(The data)

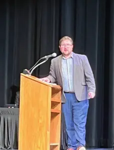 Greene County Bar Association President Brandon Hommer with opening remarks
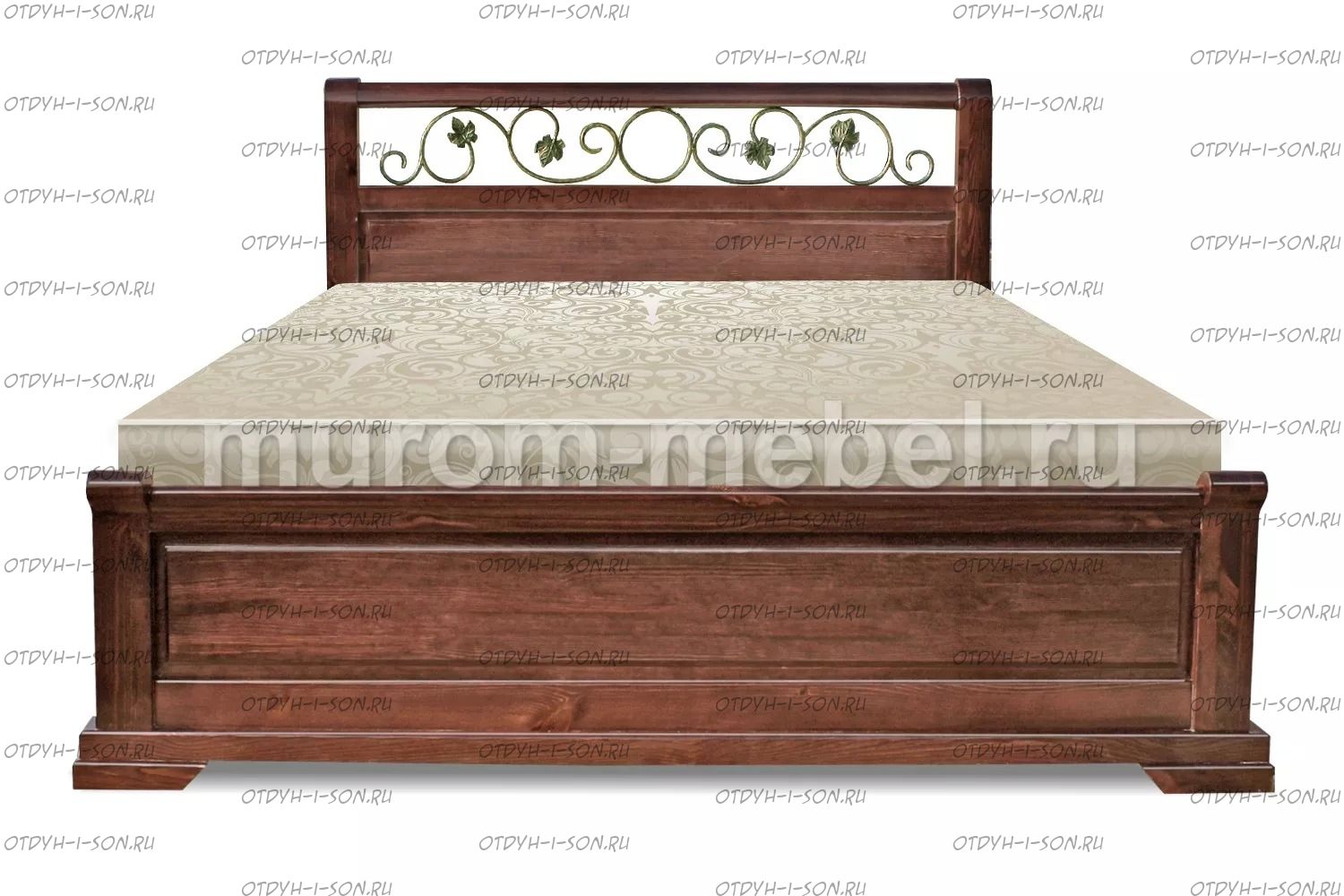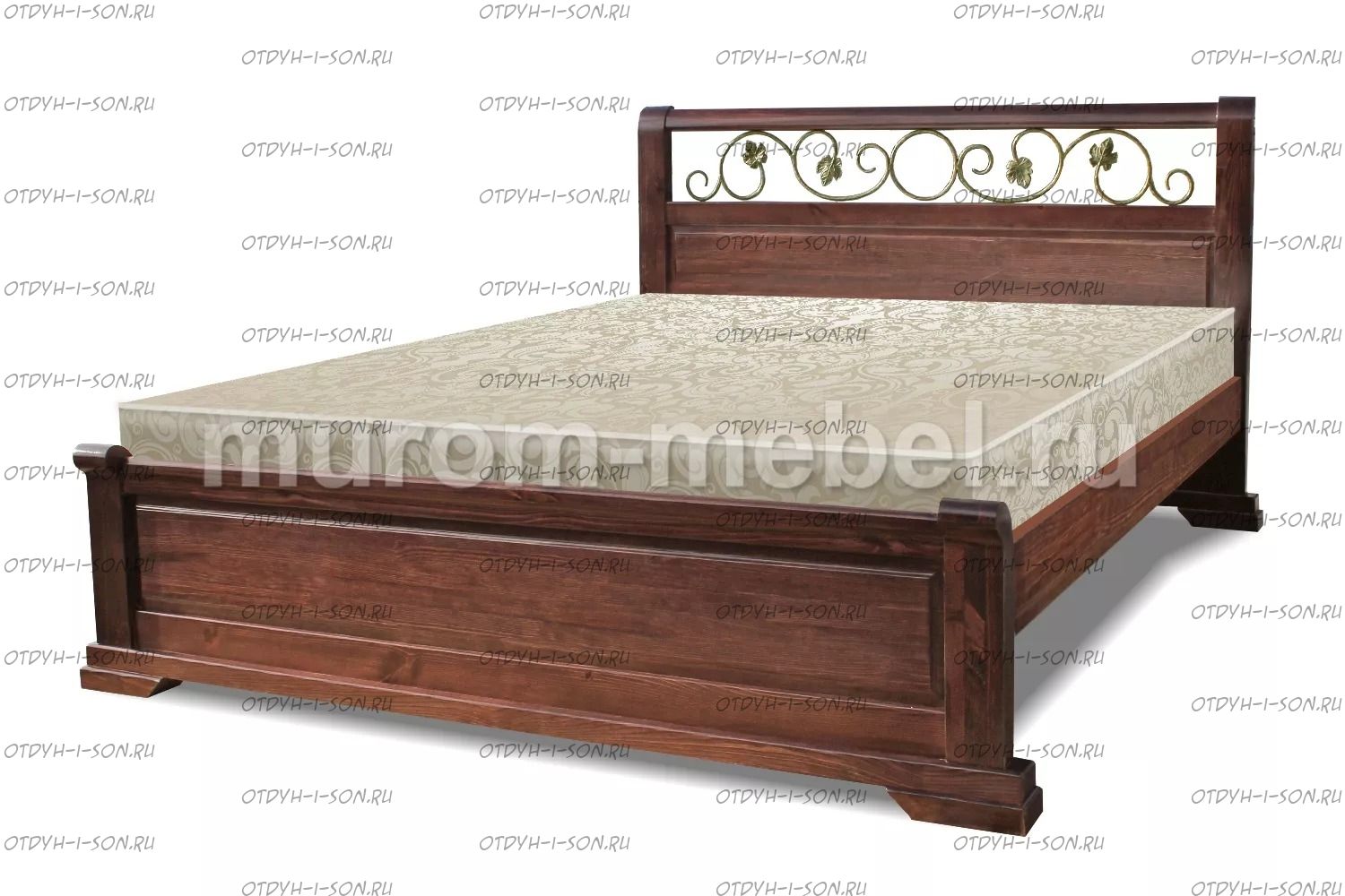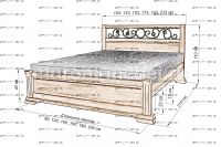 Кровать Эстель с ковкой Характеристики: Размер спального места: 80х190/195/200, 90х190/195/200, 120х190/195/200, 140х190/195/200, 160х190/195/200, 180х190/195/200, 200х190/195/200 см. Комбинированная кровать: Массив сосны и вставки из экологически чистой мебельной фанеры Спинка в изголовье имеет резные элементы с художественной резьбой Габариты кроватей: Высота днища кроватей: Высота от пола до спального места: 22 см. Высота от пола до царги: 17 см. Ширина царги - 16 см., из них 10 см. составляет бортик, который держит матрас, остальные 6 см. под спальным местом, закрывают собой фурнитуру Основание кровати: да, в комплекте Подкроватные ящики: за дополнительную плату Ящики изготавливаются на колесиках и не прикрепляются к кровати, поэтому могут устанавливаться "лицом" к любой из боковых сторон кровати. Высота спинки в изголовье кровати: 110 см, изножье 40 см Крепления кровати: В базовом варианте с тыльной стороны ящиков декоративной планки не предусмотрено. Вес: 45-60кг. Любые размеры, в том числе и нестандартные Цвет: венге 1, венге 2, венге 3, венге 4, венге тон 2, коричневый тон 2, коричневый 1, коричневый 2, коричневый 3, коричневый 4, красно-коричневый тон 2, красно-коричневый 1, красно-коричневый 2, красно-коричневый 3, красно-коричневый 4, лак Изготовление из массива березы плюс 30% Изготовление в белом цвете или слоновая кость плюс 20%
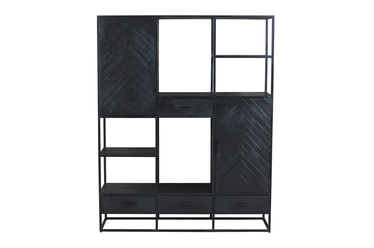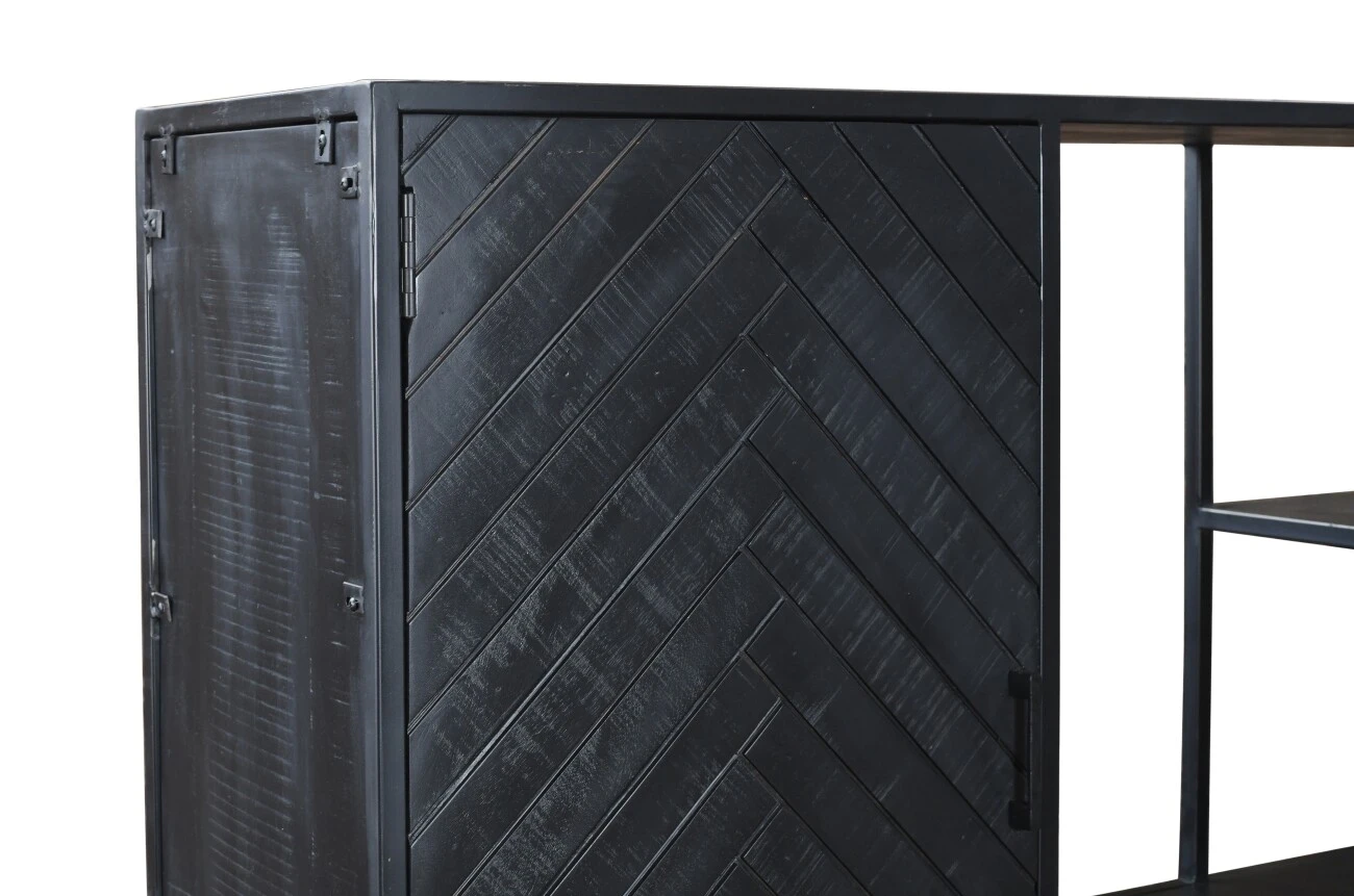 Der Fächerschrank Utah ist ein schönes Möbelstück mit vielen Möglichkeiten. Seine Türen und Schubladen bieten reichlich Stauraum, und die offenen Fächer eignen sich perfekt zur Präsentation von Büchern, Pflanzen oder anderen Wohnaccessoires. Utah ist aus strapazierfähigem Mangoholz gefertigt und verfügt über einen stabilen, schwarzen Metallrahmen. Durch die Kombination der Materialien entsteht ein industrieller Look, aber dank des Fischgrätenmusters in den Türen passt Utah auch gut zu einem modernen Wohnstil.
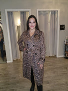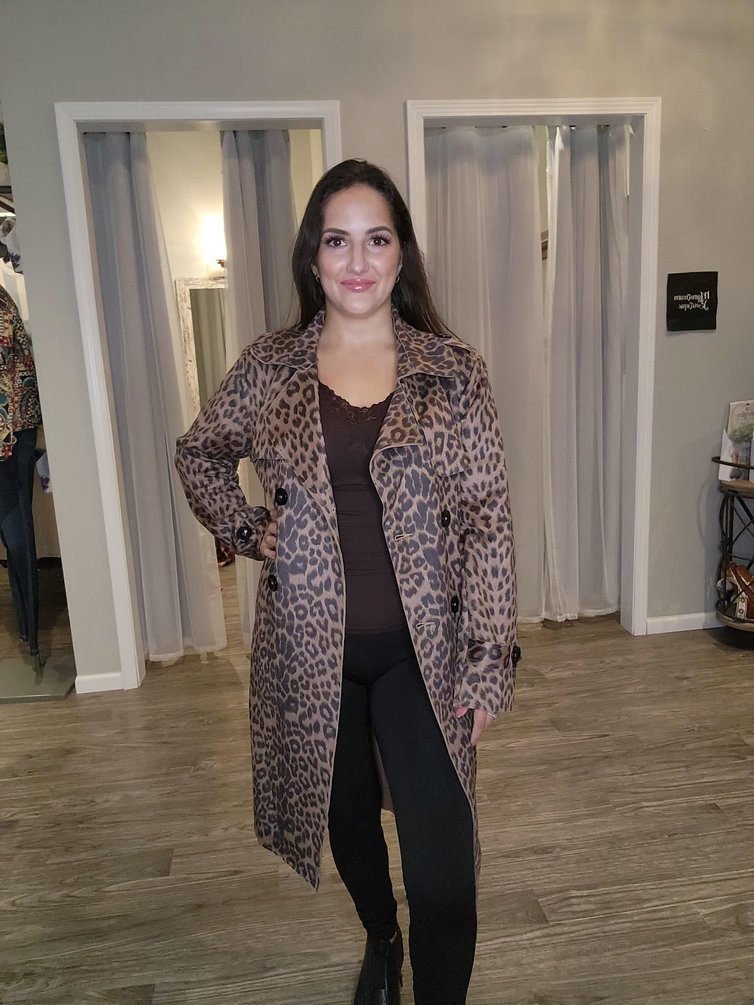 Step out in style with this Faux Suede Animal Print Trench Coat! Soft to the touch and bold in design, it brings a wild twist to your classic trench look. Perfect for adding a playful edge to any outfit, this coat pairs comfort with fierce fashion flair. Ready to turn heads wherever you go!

(End The data)

* Activity *
The entire listing above, minus its pictures, should be copied out exactly.

* Output of the task *
 Greene County Bar Association President Brandon Hommer with opening remarks
 Кровать Эстель с ковкой Характеристики: Размер спального места: 80х190/195/200, 90х190/195/200, 120х190/195/200, 140х190/195/200, 160х190/195/200, 180х190/195/200, 200х190/195/200 см. Комбинированная кровать: Массив сосны и вставки из экологически чистой мебельной фанеры Спинка в изголовье имеет резные элементы с художественной резьбой Габариты кроватей: Высота днища кроватей: Высота от пола до спального места: 22 см. Высота от пола до царги: 17 см. Ширина царги - 16 см., из них 10 см. составляет бортик, который держит матрас, остальные 6 см. под спальным местом, закрывают собой фурнитуру Основание кровати: да, в комплекте Подкроватные ящики: за дополнительную плату Ящики изготавливаются на колесиках и не прикрепляются к кровати, поэтому могут устанавливаться "лицом" к любой из боковых сторон кровати. Высота спинки в изголовье кровати: 110 см, изножье 40 см Крепления кровати: В базовом варианте с тыльной стороны ящиков декоративной планки не предусмотрено. Вес: 45-60кг. Любые размеры, в том числе и нестандартные Цвет: венге 1, венге 2, венге 3, венге 4, венге тон 2, коричневый тон 2, коричневый 1, коричневый 2, коричневый 3, коричневый 4, красно-коричневый тон 2, красно-коричневый 1, красно-коричневый 2, красно-коричневый 3, красно-коричневый 4, лак Изготовление из массива березы плюс 30% Изготовление в белом цвете или слоновая кость плюс 20%
 Der Fächerschrank Utah ist ein schönes Möbelstück mit vielen Möglichkeiten. Seine Türen und Schubladen bieten reichlich Stauraum, und die offenen Fächer eignen sich perfekt zur Präsentation von Büchern, Pflanzen oder anderen Wohnaccessoires. Utah ist aus strapazierfähigem Mangoholz gefertigt und verfügt über einen stabilen, schwarzen Metallrahmen. Durch die Kombination der Materialien entsteht ein industrieller Look, aber dank des Fischgrätenmusters in den Türen passt Utah auch gut zu einem modernen Wohnstil.
 Step out in style with this Faux Suede Animal Print Trench Coat! Soft to the touch and bold in design, it brings a wild twist to your classic trench look. Perfect for adding a playful edge to any outfit, this coat pairs comfort with fierce fashion flair. Ready to turn heads wherever you go!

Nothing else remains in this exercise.